Simply put, democracy means rule by the people. Dahl elaborates on this literal definition by specifying the requirements for democratic decisionmaking. For Dahl, a democratic process must make effective participation and voting equality available to all adults who are subject to the binding collective decisions of society. A democracy must also provide citizens with opportunities for understanding civic issues, as well as allow them to have control over the matters that reach the decisionmaking agenda.

Dahl builds his case for the democratic process from the fundamental notion of the intrinsic equality of all persons. Intrinsic equality, in Dahl's view, means that the interests of all persons should be given equal consideration in making collective decisions. The best way to assure the equal consideration of interests is through a democratic process where each person is entitled to participate in collective decisionmaking. Dahl favors a strong presumption that every adult is the best judge of his or her own interests. After all, Dahl argues, no one else has the same privileged position as I do to understand what my interests are. Moreover, historical experience shows that even if others fully understood my interests, they would not have the same incentives as I have to defend these interests in the decisionmaking process.

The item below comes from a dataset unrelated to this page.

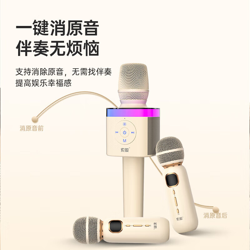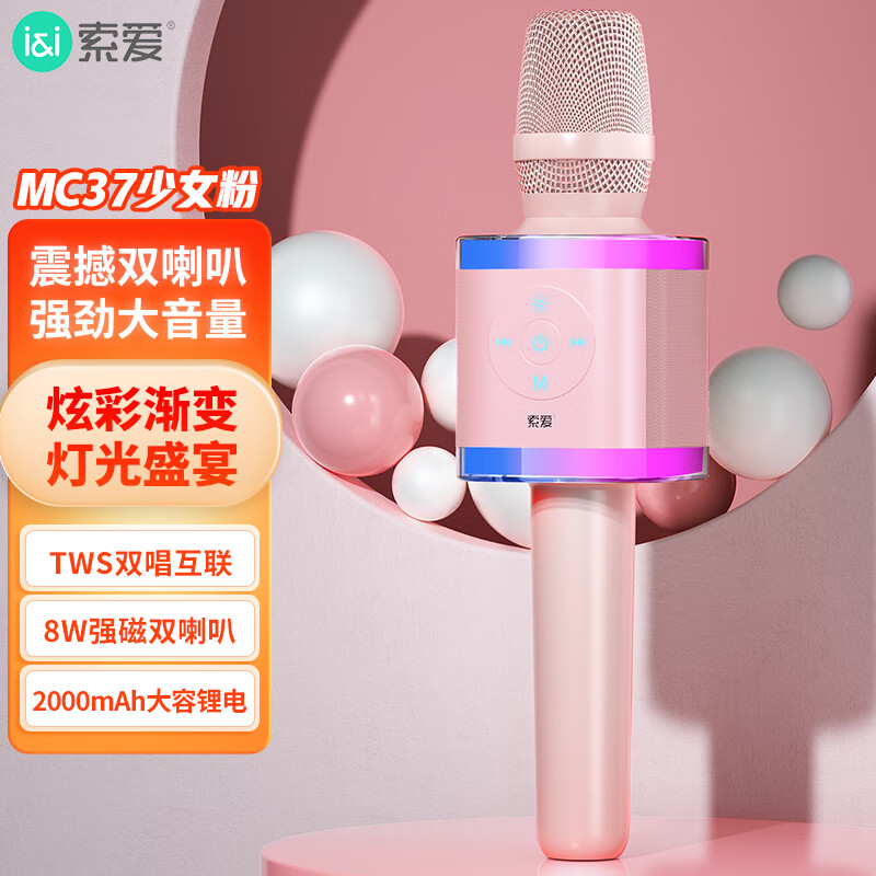 索爱(soaiy) 蓝牙无线麦克风电视K歌话筒音响音箱一体麦克风手机直播家用KTV麦克风儿童话筒 MC37 少女粉礼物价格:269.00元!

The democratic process is justified, argues Dahl, because it best serves the interests of all individuals in society. Democracy maximizes freedom by embracing basic political rights and liberties, such as free expression, and allows persons to live under laws of their own choosing. Political participation by the public in a democracy fosters the desirable qualities of independence, self-reliance, and public-spiritedness, and it provides opportunities for individuals to develop their full capacities. Finally, because participation in collective decision making is open to all, democracy - more than any other alternative - gives citizens the opportunity to satisfy other important social, cultural, and economic interests. In Dahl's estimation, a democratic government provides an orderly and peaceful process by means of which a majority of citizens can induce the government to do what they most want it to do and to avoid doing what they most want it not to do.

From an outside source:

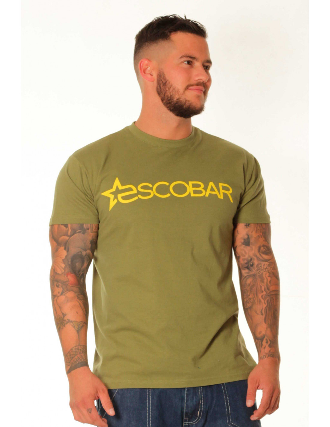 Cool olivenfarvet Escobar T-Shirt med gult logoprint p forsiden.

Despite his conviction that democracy is the best available means of collective decisionmaking, Dahl never claims that implementing democratic ideals is easy. One fundamental criticism often leveled against democracy is that in practice it can lead to unjust outcomes, especially when a majority deprives a minority of its substantive rights or interests. Dahl responds to this objection first by emphasizing that the democratic process itself requires the protection of many fundamental rights and interests, either as integral to the democratic process (such as free speech or free assembly) or as external to the democratic process but still necessary for its effective operation (such as a broad distribution of a minimum of economic and political resources). Dahl believes that even an imperfect democratic process cannot be achieved without the commitment of the citizenry to a wide array of substantive rights, and therefore a strong commitment to democracy is the best possible means of protecting these rights. In any case, he argues, even though real world democracies may at times mistakenly infringe on substantive rights and interests, the risk of mistake exists in all regimes in the real world, and the worst blunders of this century have been made by leaders in nondemocratic regimes.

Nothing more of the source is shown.